§ **Work order**: Would you repeat the entries below exactly and omit the pictures?

────────

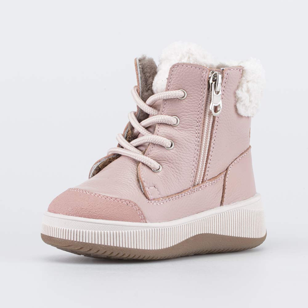 Верх этих детских ботинок выполнен из натуральной кожи и украшен кудрявым мехом барашек. Носочная часть усилена дополнительной кожаной накладкой с полиуретановым покрытием.
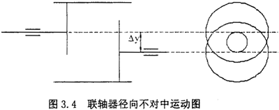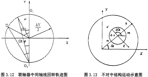 (2)當轉子軸線之間存在徑向位移時(如圖3.3所示),聯(lián)軸器的中間套齒與半聯(lián)軸器組成移動副,不能相對轉動,但是中間套齒與半聯(lián)軸器產生相對滑動而作平面圓周運動,即中間套齒的中心是沿著以徑向位移△y為直徑作圓周運動,如圖3.4所示。
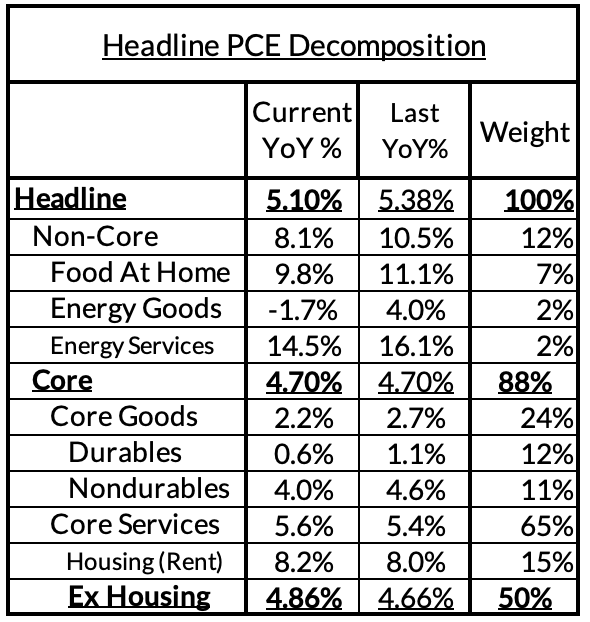 - Headline PCE is currently on track to fall, from 5.38% year-over-year in January to 5.10% in February. (0.33% month-over-month increase)
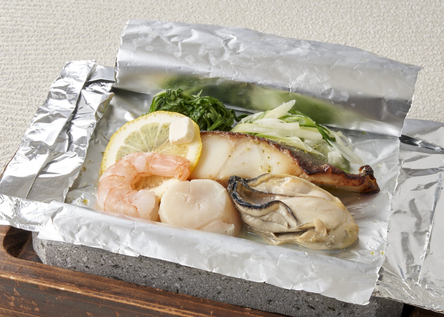 銀だらをメインに、牡蠣・海老・帆立などの海鮮をホイル焼きにしました。
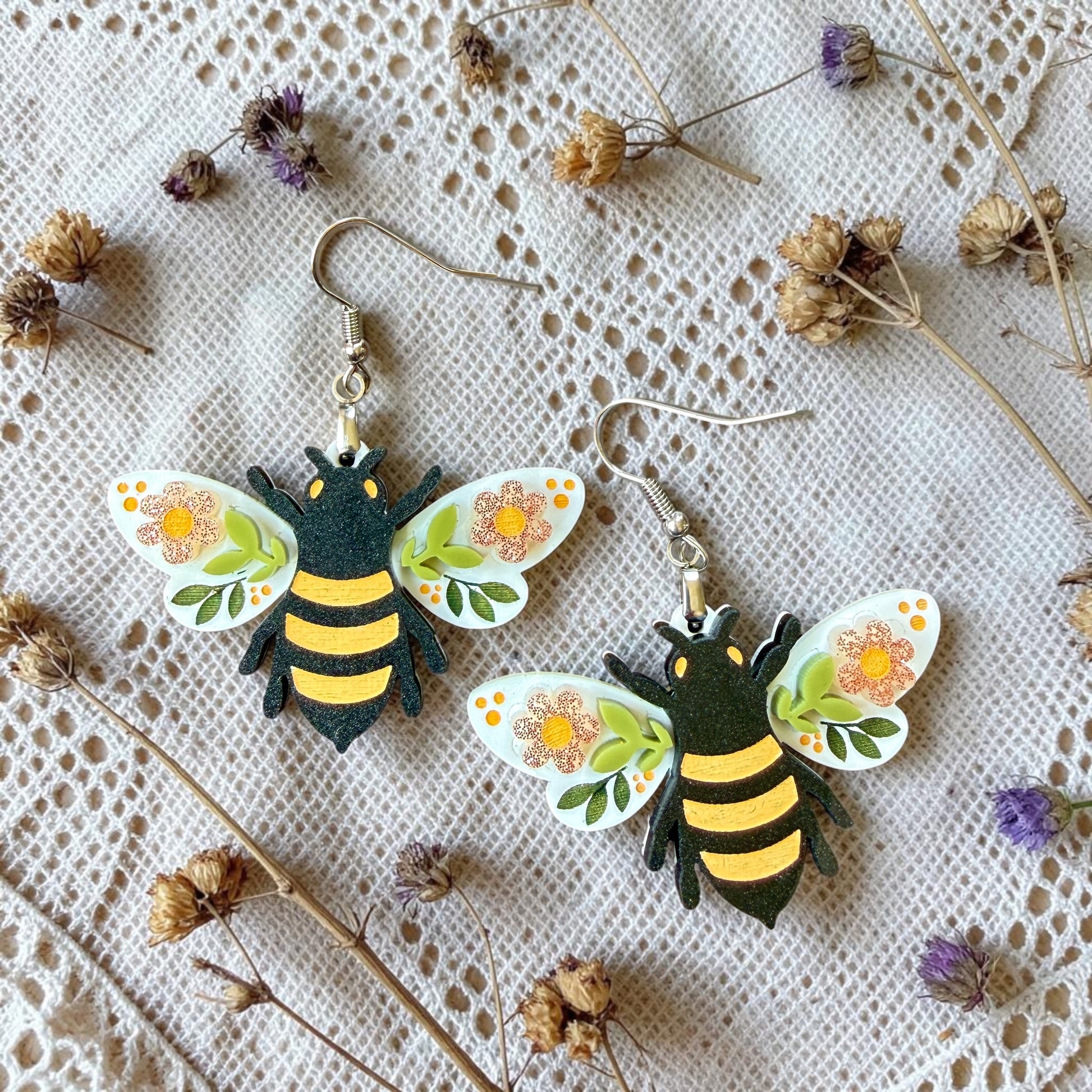 These lightweight floral bee earrings measure 1.4” inches long not including the hooks.
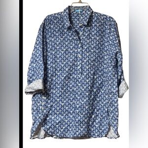 EUC J.Mclaughlin Fallon Long Sleeve Linen SZ L Blue & White
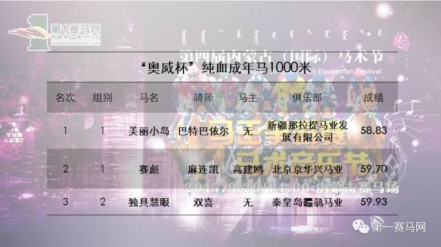 关键看 “奥威杯”纯血成年马1000米由于参赛马匹过多,分成两组比赛。因此每组的头马不一定就是最终比赛的冠军,需要根据具体时间一绝胜负! 第一场比赛非常精彩! 4岁“美丽小岛”舒服紧贴内栏,望空度势。内栏已满,“赛彪”难进,被逼外栏加速。“美丽小岛”一两鞭“放”着“赛彪”,“赛彪”后劲不足,“美丽小岛”认真加速,50-60米夺冠。8岁骟马“赛彪”第二。第三“奥威福迪”公马气势逼人,需两人牵之亮相! 第二场,白汗淋漓的“独具慧眼”一路领放,“吉人天相”原有机会,可惜大弯路过早使力,包抄冲刺失败,力气耗尽。位处第三的“狂野”得了“便宜”,直路发力,拿下第二。“蒙骏荣誉”紧贴内栏加鞭发力,低调得季。 “汇森科技杯”国产马(1.4米以下)1000米

────────

§ **Answer to this task**:
 Верх этих детских ботинок выполнен из натуральной кожи и украшен кудрявым мехом барашек. Носочная часть усилена дополнительной кожаной накладкой с полиуретановым покрытием.
 (2)當轉子軸線之間存在徑向位移時(如圖3.3所示),聯(lián)軸器的中間套齒與半聯(lián)軸器組成移動副,不能相對轉動,但是中間套齒與半聯(lián)軸器產生相對滑動而作平面圓周運動,即中間套齒的中心是沿著以徑向位移△y為直徑作圓周運動,如圖3.4所示。
 - Headline PCE is currently on track to fall, from 5.38% year-over-year in January to 5.10% in February. (0.33% month-over-month increase)
 銀だらをメインに、牡蠣・海老・帆立などの海鮮をホイル焼きにしました。
 These lightweight floral bee earrings measure 1.4” inches long not including the hooks.
 EUC J.Mclaughlin Fallon Long Sleeve Linen SZ L Blue & White
 关键看 “奥威杯”纯血成年马1000米由于参赛马匹过多,分成两组比赛。因此每组的头马不一定就是最终比赛的冠军,需要根据具体时间一绝胜负! 第一场比赛非常精彩! 4岁“美丽小岛”舒服紧贴内栏,望空度势。内栏已满,“赛彪”难进,被逼外栏加速。“美丽小岛”一两鞭“放”着“赛彪”,“赛彪”后劲不足,“美丽小岛”认真加速,50-60米夺冠。8岁骟马“赛彪”第二。第三“奥威福迪”公马气势逼人,需两人牵之亮相! 第二场,白汗淋漓的“独具慧眼”一路领放,“吉人天相”原有机会,可惜大弯路过早使力,包抄冲刺失败,力气耗尽。位处第三的“狂野”得了“便宜”,直路发力,拿下第二。“蒙骏荣誉”紧贴内栏加鞭发力,低调得季。 “汇森科技杯”国产马(1.4米以下)1000米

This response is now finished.